Both Woodard and Bates are actors that Hollywood hasn’t ever really made proper use of — though both have shined in their occasional leading roles (Woodard in Passion Fish, Bates in Misery), they’ve mainly been relegated to character actor status, which usually means coming in for a few scenes and stealing the movie. But if Perry’s hilariously soapy Family That Preys gave us nothing else (and it probably didn’t), it did give us Woodard and Bates in full-on leading roles, as matriarchs of two intermingling families. As Claudia Puig noted in USA Today, “The best thing about Tyler Perry’s The Family That Preys is the opportunity it affords to watch a pair of veteran actresses still at the top of their game… the moments each are on-screen are undeniably the movie’s best. One senses a rapport and chemistry between the women that transcends the formulaic plot.”

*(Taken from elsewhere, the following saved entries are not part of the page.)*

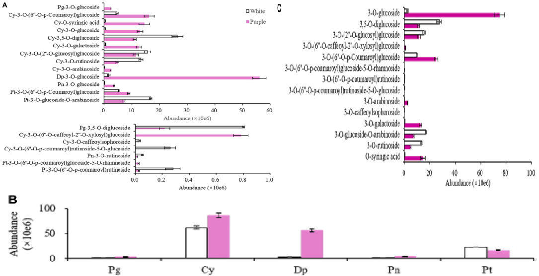Dp只有一種糖苷形式,但它在紫色花瓣中含量豐富。紫色花瓣中的主要花色苷是delphinidin-3-O-glucoside,Cy-3-O-(6’’-O-p-coumaroyl)glucoside, ?Cy-O-syringic ?acid, Cy-3-O-glucoside和Cy-3-O-galactoside,?而在白色茶花中,則是 Cy-3,5-O-diglucoside, Pt-3-O-glucoside-O-arabinoside,? Cy-3-O-(2’’-O-glucosyl)glucoside和 Cy-3-O-rutinoside 。除苷元外,這20種花青素中的另一半含有13種糖苷和1種丁香酸(圖3C)。在白色花瓣中,花青素含量高的是3,5-O-二葡萄糖苷,而在紫色花瓣中,3-O-葡萄糖苷含量極高。因此,兩個(gè)茶樹品種之間花青素的大差異是DpG,這可能是紫色花呈紫色的主要原因,以及紫色花瓣中Dp和葡萄糖的生物合成可能已增強(qiáng)。
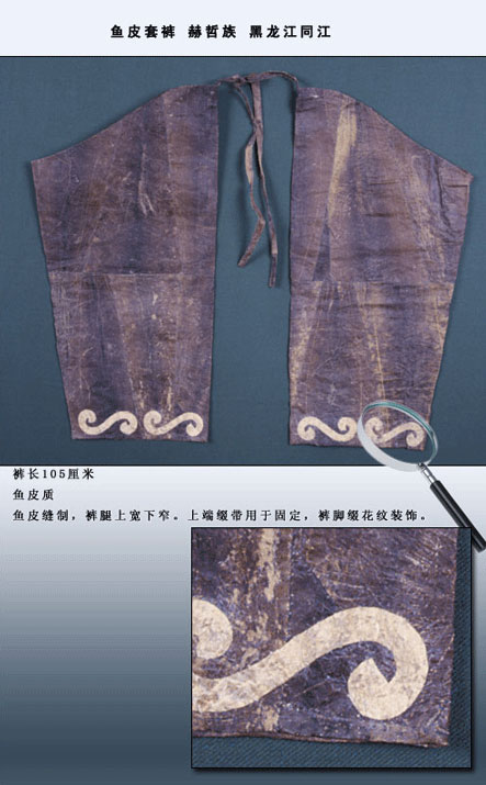 套褲的形式只是兩個筒形褲腿,沒有褲腰,男式的上端為齊口,女式的上端為斜口。赫哲族人稱男式魚皮套褲為 “臥又克衣”,褲邊口有皮條,是用來扎結用的。赫哲族人稱女式魚皮套褲為“嘎榮”,口呈月牙形狀,前邊到腰部,后邊到大腿根部。如圖所示,女式魚皮套褲,長105厘米,褲腿上寬下窄,上端系有綴帶,褲腳綴有“S”形紋飾。魚皮褲造型與普通褲子基本一致,褲腰和褲襠部較為寬松肥大,褲腿稍窄些。
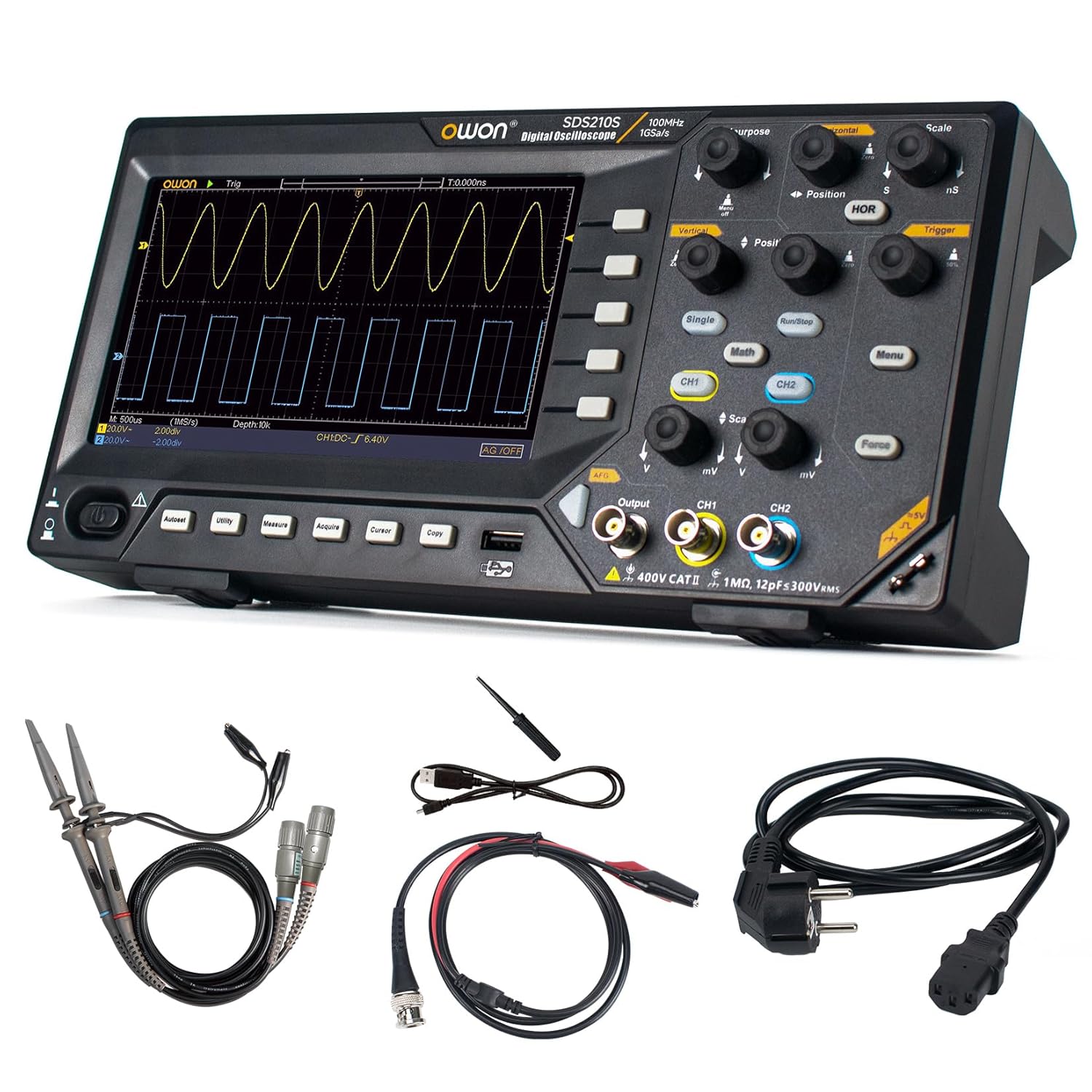 دستگاه اسیلوسکوپ دیجیتال 200MHZ + فانکشن ژنراتور برند OWON مدل SDS220S با صفحه نمایش LCD رنگی از نوع ۷ اینچ که نسبت به نوع لامپی عمر بالاتری دارد و به شما این امکان را می دهد که شکل موج ها را دقیق بررسی کنید، این تجهیز دارای گین و رزولوشن امکان قرائت راحت تر و دقیق تر را فراهم نموده است. این دستگاه بسیار اقتصادی بوده و طوری طراحی شده تا سبک و قابل حمل باشد. هم چنین توان مصرفی کم این اسکوپ می تواند پارامتر مهمی برای انتخابش باشد.
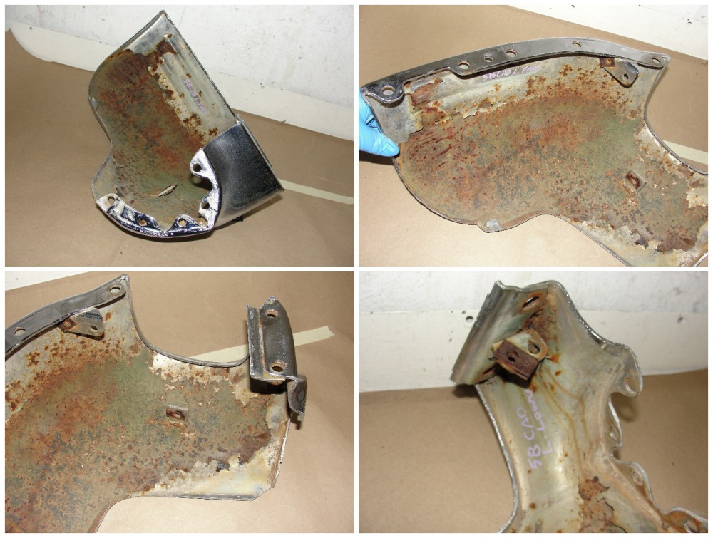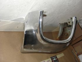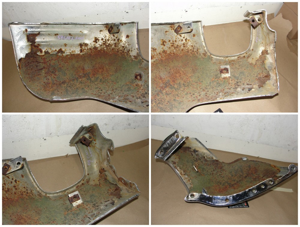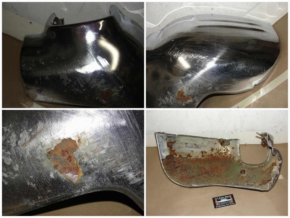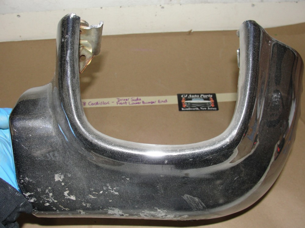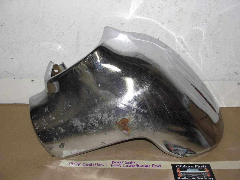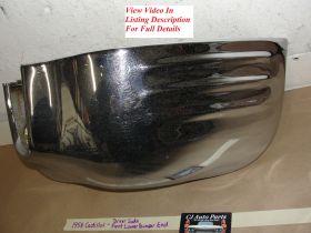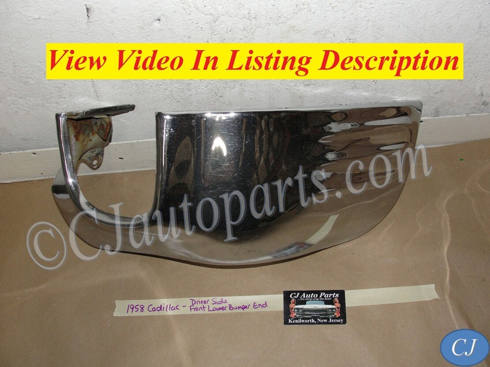 This OEM driver side front bumper lower bumper end is in good driver quality condition. The chrome on the upper portion of the bumper end has a nice shine with average light scratches/wear. The underneath/bottom of the bumper end has scrapes and chrome that has peeled with some heavier pitting where the chrome is missing, this is common for these as they get scraped from years of use. No major dings/dents. Would be a good candidate for rechrome or would do well on a daily driver. Please view the video (https://youtu.be/H0E75frcQNI ) and see all the pictures as they are a part of the description. This was removed from a 1958 Cadillac Deville, but may fit other vehicles listed in compatibility chart; fitment is verified by Cadillac Master Parts List 11.0781, please do your own research as we do not offer refunds if it does not fit your vehicle.
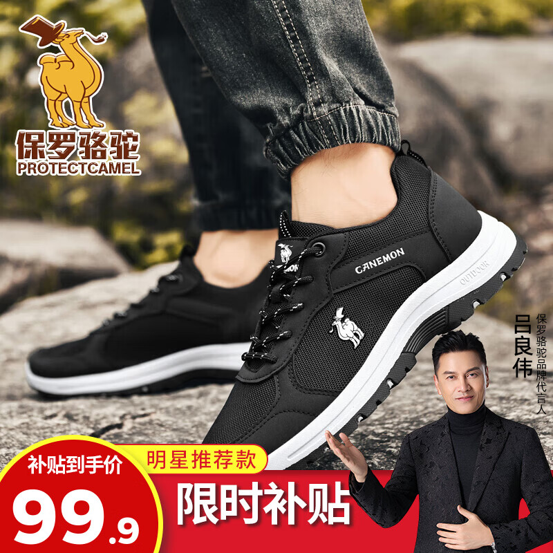 保罗骆驼运动休闲鞋男 2026夏季轻便户外软底登山鞋 舒适透气网面鞋 【黑色】 HB2436 42 【标准运动鞋码】
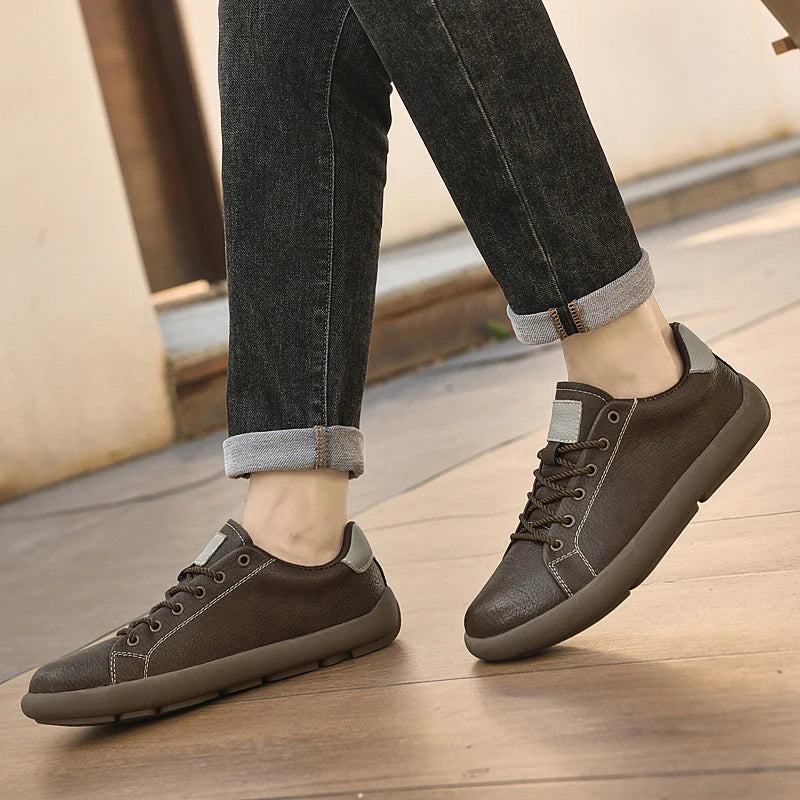 Genuine Leather Mens Casual Shoes New Design Male Sneakers Outdoor Lace-Up Skateboard Footwear Handmade Tenis Masculino Trainers
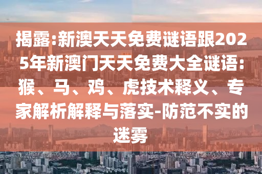 揭露:新澳天天免費謎語跟2025年新澳門天天免費大全謎語:猴、馬、雞、虎技術(shù)釋義、專家解析解釋與落實-防范不實的迷霧
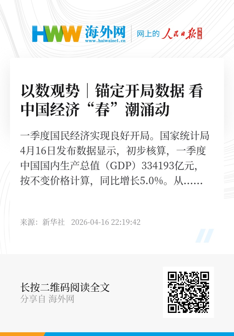 从首季成绩单看“十五五”开局之年中国经济走势,高质量发展向新向优,发展韧性和活力进一步彰显。
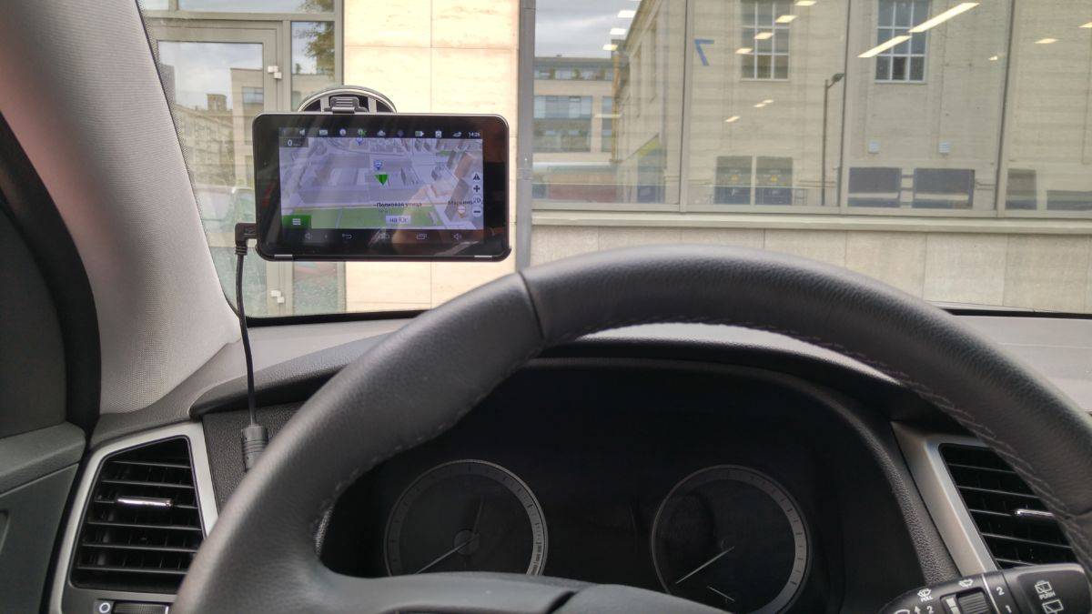 В комплекте с устройством идет адаптер питания в прикуриватель с кабелем небольшой длины (около 1,5 м), кабель для подключения к ПК, держатель на лобовое стекло с присоской и кредл. Как показал опыт закрепления, установка на него планшета выполняется очень легко, устройство держится очень прочно, но защелка показалась нам несколько тугая при снятии.

Andre Braugher and Paul Giamatti, Duets

Braugher was still trying to parlay his masterful work on TV’s Homicide into a film career, and Giamatti hadn’t yet made the transition from “that guy!” to above-the-title star, when they co-starred in Duets — a thin-as-a-cracker ensemble comedy/drama from director Bruce Paltrow, who seemed to have made the film primarily so his daughter Gwyneth could show off her singing chops. Her character’s attempt to reunite with her dad (played by Huey Lewis — yep, that Huey Lewis) takes up about one-third of the film, a strained romance between Maria Bello and Scott Speedman another. But the movie only comes to life with the story of Braugher and Giamatti, who play a pair of burn-outs who find new meaning and direction by singing karaoke. This is the plot, folks, and it’s just as much of a stretch as it sounds like. But you have two actors here seemingly incapable of falseness, and damned if they don’t play these guys with the emotional weight and heft of Shakespearean heroes. If Duets had just been their story, it might’ve been worth seeing.

Those are some of our favorite performances in otherwise forgettable films — what are yours?